FIG. 5 is a flow diagram of the step of extracting feature values from knowledge span dimensions for the input clause dataset in one embodiment;

FIG. 6 is a flow diagram of the step of extracting feature values from a topic cohesiveness dimension for the input clause dataset, in one embodiment;

FIG. 7 is a flow diagram of a step of extracting feature values from emotion richness dimensions for the input clause dataset, in one embodiment;

FIG. 8 is a flow diagram of a step of extracting feature values from non-civilized phrase dimensions for the input phrase dataset in one embodiment;

fig. 9 illustrates a data normalization process for feature values extracted from each dimension, and maps the feature values extracted from each dimension into the same interval (0, 1) to form a normalized feature set x= (X) ₁ ,x ₂ ,x ₃ ,x ₄ ,x ₅ ,x ₆ ) A flow diagram of the steps;

FIG. 10 is a block diagram of a reverse identification AI smart writing apparatus in one embodiment;

FIG. 11 is an internal block diagram of a computer device in one embodiment.

Detailed Description

In order to make the objects, technical solutions and advantages of the present application more apparent, the present application will be further described in detail with reference to the accompanying drawings and examples. It should be understood that the specific embodiments described herein are for purposes of illustration only and are not intended to limit the present application.

Example 1

In order to solve the problems pointed out by the background technology, the embodiment 1 of the invention creatively provides a method for reversely identifying the intelligent writing of the AI, wherein the intelligent writing algorithm for reversely identifying the AI is a means for intelligently identifying whether an article or a section of text is created by human or by a machine, thereby assisting the human to selectively input time and energy to the work created by the artificial intelligence.
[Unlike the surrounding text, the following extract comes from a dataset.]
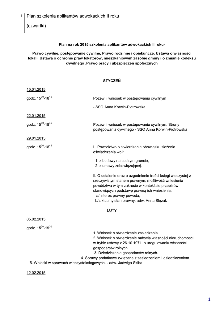 1 Plan szkolenia aplikantów adwokackich II roku (czwartki) Plan na rok 2015 szkolenia aplikantów adwokackich II rokuPrawo cywilne. postępowanie cywilne, Prawo rodzinne i opiekuńcze, Ustawa o własności lokali, Ustawa o ochronie praw lokatorów, mieszkaniowym zasobie gminy i o zmianie kodeksu cywilnego .Prawo pracy i ubezpieczeń społecznych STYCZEŃ 15.01.2015 00 45 godz. 15 -18 Pozew i wniosek w postępowaniu cywilnym - SSO Anna Korwin-Piotrowska 22.01.2015 00 45 Pozew i wniosek w postępowaniu cywilnym, Strony postępowania cywilnego - SSO Anna Korwin-Piotrowska 45 I. Powództwo o stwierdzenie obowiązku złożenia oświadczenia woli: godz. 15 -18 29.01.2015 00 godz. 15 -18 1. z budowy na cudzym gruncie, 2. z umowy zobowiązującej. II. O ustalenie oraz o uzgodnienie treści księgi wieczystej z rzeczywistym stanem prawnym; możliwość wniesienia powództwa w tym zakresie w kontekście przepisów stanowiących podstawę prawną ich wniesienia: a/ interes prawny powoda, b/ aktualny stan prawny. adw. Anna Ślęzak LUTY 05.02.2015 00 30 godz. 15 -19 1. Wniosek o stwierdzenie zasiedzenia. 2. Wniosek o stwierdzenie nabycia własności nieruchomości w trybie ustawy z 26.10.1971. o uregulowaniu własności gospodarstw rolnych. 3. Dziedziczenie gospodarstw rolnych. 4. Sprawy podatkowe związane z zasiedzeniem i dziedziczeniem. 5. Wnioski w sprawach wieczystoksięgowych. - adw. Jadwiga Skiba 12.02.2015 1 2 Plan szkolenia aplikantów adwokackich II roku (czwartki) 00 30 godz. 15 -19 I. Powództwa z zakresu prawa rzeczowego : 1. windykacyjne, 2. posesoryjne, 3. negatoryjne. II. Powództwo o dopuszczenie do współposiadania. III. Ochrona ograniczonych praw rzeczowych. - adw. Jadwiga Skiba 19.02.2015 00 30 godz. 15 -19 I. Wnioski z zakresu prawa osobowego 1. o ubezwłasnowolnienie, o zgodę na dokonanie czynności prawnej w imieniu ubezwłasnowolnionego. 2. o ustanowienie opieki, 3. o ustanowienie kurateli, 4. o uznanie za zmarłego i stwierdzenie zgonu. 5. Wnioski z ustawy o aktach stanu cywilnego. II. Wnioski z zakresu prawa rzeczowego: 1. o ustanowienie drogi koniecznej. 2. o wygaśnięcie służebności drogi koniecznej. 3. o rozgraniczenie. II. Powództwo o eksmisję, w tym o eksmisję małżonka ze wspólnego lokalu i zagadnienia z tym związane. III Powództwo o uchylenie uchwały wspólnoty mieszkaniowej - adw. Jadwiga Skiba 26.02.2015 00 45 godz. 15 -18 Wnioski spadkowe: o otwarcie i ogłoszenie testamentu, o stwierdzenie nabycia spadku (w tym z zapisem windykacyjnym), o zmianę lub uchylenie prawomocnego postanowienia o stwierdzenie nabycia spadku, Pozew o uznanie spadkobiercy niegodnym dziedziczenia 2 3 Plan szkolenia aplikantów adwokackich II roku (czwartki) Wniosek o zmianę prawomocnego postanowienia o stwierdzeniu nabycia spadku Wniosek o zabezpieczenie spadku w tym spis inwentarza - adw. Anna Ślęzak MARZEC 05.03.2015 00 15 Wnioski o: zniesienie współwłasności z żądaniem rozstrzygnięcia wzajemnych roszczeń współwłaścicieli z tytułu posiadania rzeczy, i dział spadku z wzajemnymi rozliczeniami współspadkobierców. - adw. Anna Ślęzak 45 1. Powództwo o ochronę dóbr osobistych godz. 15 -18 12.03.2015 00 godz. 15 -18 2. Powództwo o zapłatę odszkodowania, powództwo o zapłatę odszkodowania, zadośćuczynienia, renty z czynów niedozwolonych w przypadku szkód na osobie (wypadek komunikacyjny, zakażenia szpitalne, błąd w sztuce medycznej) SSN Tadeusz Domińczyk 19.03.2015 00 30 godz. 15 -19 Powództwa z zakresu prawa zobowiązaniowego 1. Powództwo o uznanie czynności prawnej za bezskuteczną, nieważną. 2. Powództwo o uznanie umowy za bezskuteczną w stosunku do wierzyciela - adw. Seweryn Plebanek 26.03.2015 00 45 godz. 15 -16 Powództwa z zakresu prawa zobowiązaniowego Powództwo o zapłatę odszkodowania w przypadku szkód na mieniu (odpowiedzialność władzy publicznej i innych podmiotów do tego zobowiązanych)-SSN Tadeusz Domińczyk 45 godz. 17-18 Powództwo konsumenta o uznanie ogólnych warunków umów za bezskuteczne - adw. Seweryn Plebanek 3 4 Plan szkolenia aplikantów adwokackich II roku (czwartki) KWIECIEŃ 02.04.2015 00 45 godz. 15 -16 Powództwo o naprawienie szkody wynikłej z niewykonania zobowiązania Powództwo przeciwko ubezpieczycielowi o odszkodowanie z tytułu szkody na nieruchomości - SSN Tadeusz Domińczyk 30 godz. 17-19 Powództwo o upoważnienie przez sąd do wykonania czynności na koszt dłużnika Powództwo o zmianę wysokości renty w związku ze zmianą stosunków Powództwo o odszkodowanie za bezumowne korzystanie z lokalu po wygaśnięciu umowy najmu - adw. Seweryn Plebanek 09.04.2015 00 30 godz. 15 -19 Prawo pracy i ubezpieczeń społecznych - adw. Magdalena Urbańska, adw. Henryk Stabla 16.04.2015 00 45 godz. 15 -18 Postępowanie przed sądem I instancji - SSO Anna Korwin-Piotrowska 23.04.2015 00 45 godz. 15 -18 Orzekanie w postępowaniu sądowym - SSO Anna Korwin-Piotrowska 30.04.2015 00 45 godz. 15 -18 Środki zaskarżenia w postępowaniu pierwszoinstacyjnym SSO Anna Korwin-Piotrowska MAJ 07.05.2015 00 30 godz. 15 -19 1. powództwa z zakresu prawa rodzinnego: 4 5 Plan szkolenia aplikantów adwokackich II roku (czwartki) - powództwo o zobowiązanie do przyczyniania się do zaspokajania potrzeb rodziny a powództwo alimentacyjne - powództwo o ustanowienie rozdzielności majątkowej - powództwo o rozwód wraz z wnioskami o zabezpieczenie roszczeń - powództwo o ustalenie ojcostwa 2. wnioski z zakresu prawa rodzinnego, opiekuńczego i kurateli - wniosek o rozstrzygnięcie o istotnych sprawach rodziny w braku porozumienia małżonków - wniosek o podział majątku wspólnego wraz z wnioskiem o ustalenie nierównych udziałów, rozliczenie nakładów i wydatków - wniosek o powierzenie, ograniczenie i pozbawienie władzy rodzicielskiej - wniosek o przysposobienie - adw. Seweryn Plebanek, adw. Jadwiga Skiba 14.05.2015 00 30 godz. 15 -19 1. Środki odwoławcze w postępowaniu cywilnym – zarys funkcjonalny i hi

Reverse recognition AI intelligent writing algorithm PQKTED (Ppl-QTd-knowledgespan-Theme-motion-Deviat ion from social core values) judges whether text is written by a machine based on artificial intelligent writing principle and feature reverse calculation. The PQKTE algorithm adopts six dimensions of sentence confusion (Ppl), sentence presentation dispersion (QTd), knowledge span (knowledgespan), theme cohesiveness (Theme), emotion richness (Emotion) and non-civilized term (Deviation from social core values) as characteristics, and adopts a supervised classifier to carry out model training and classification tasks, namely:

y＝f(x ₁ ,x ₂ ,x ₃ ,x ₄ ,x ₅ ,x ₆ )

Wherein:

y is a classification result;

f(x ₁ ,x ₂ ,x ₃ ,x ₄ ,x ₅ ,x ₆ ) For the classifier (SVM, LSTM and other traditional machine learning or deep learning methods), different final accuracy and recall rate of the classifier are selected, and in the experiment, the SVM is adopted as the classifier;

x ₁ to the degree of confusion (Ppl), x ₂ As a dispersion (QTd), x ₃ For Knowledge span (knowledgespan), x ₄ Is the topic cohesiveness (Theme), x ₅ Is emotion richness (Emotion), x ₆ Is a non-civilized term (Deviat ion from social core values).

Specifically, as shown in fig. 1, fig. 1 is an algorithm flow chart of the method for reverse identification AI smart writing.

The algorithm has seven links, namely, segmentation processing, data preprocessing, data feature extraction, feature normalization processing, support vector machine classifier optimization and model training are respectively carried out on the text.

1. Text segmentation processing. First through warpSorting out a segmentation rule base by different presentation modes of test data or specific data, and then segmenting the text according to paragraphs, wherein the paragraphs are marked as D= { D ₁ ,d ₂ ,d ₃ ,...,d _m }。

2. And (5) preprocessing data.

a) Each d in pair 1 _i Clauses are carried out according to punctuation marks and are marked as S= { S ₁ ,s ₂ ,s ₃ ,...,s _T }. Setting a threshold value a, when n<a is not d _i A calculation is made of whether to author for the machine. Otherwise, the next step is carried out.

b) For s using the common high-frequency sentence database _i Filtering to remove sentences familiar to both human and machine, and generating new S ¹ ＝{s ₁ ,s ₂ ,s ₃ ,...,s _T And T.ltoreq.t.

3. And (5) extracting data characteristics. Data features are extracted from the following six dimensions, with no precedence order.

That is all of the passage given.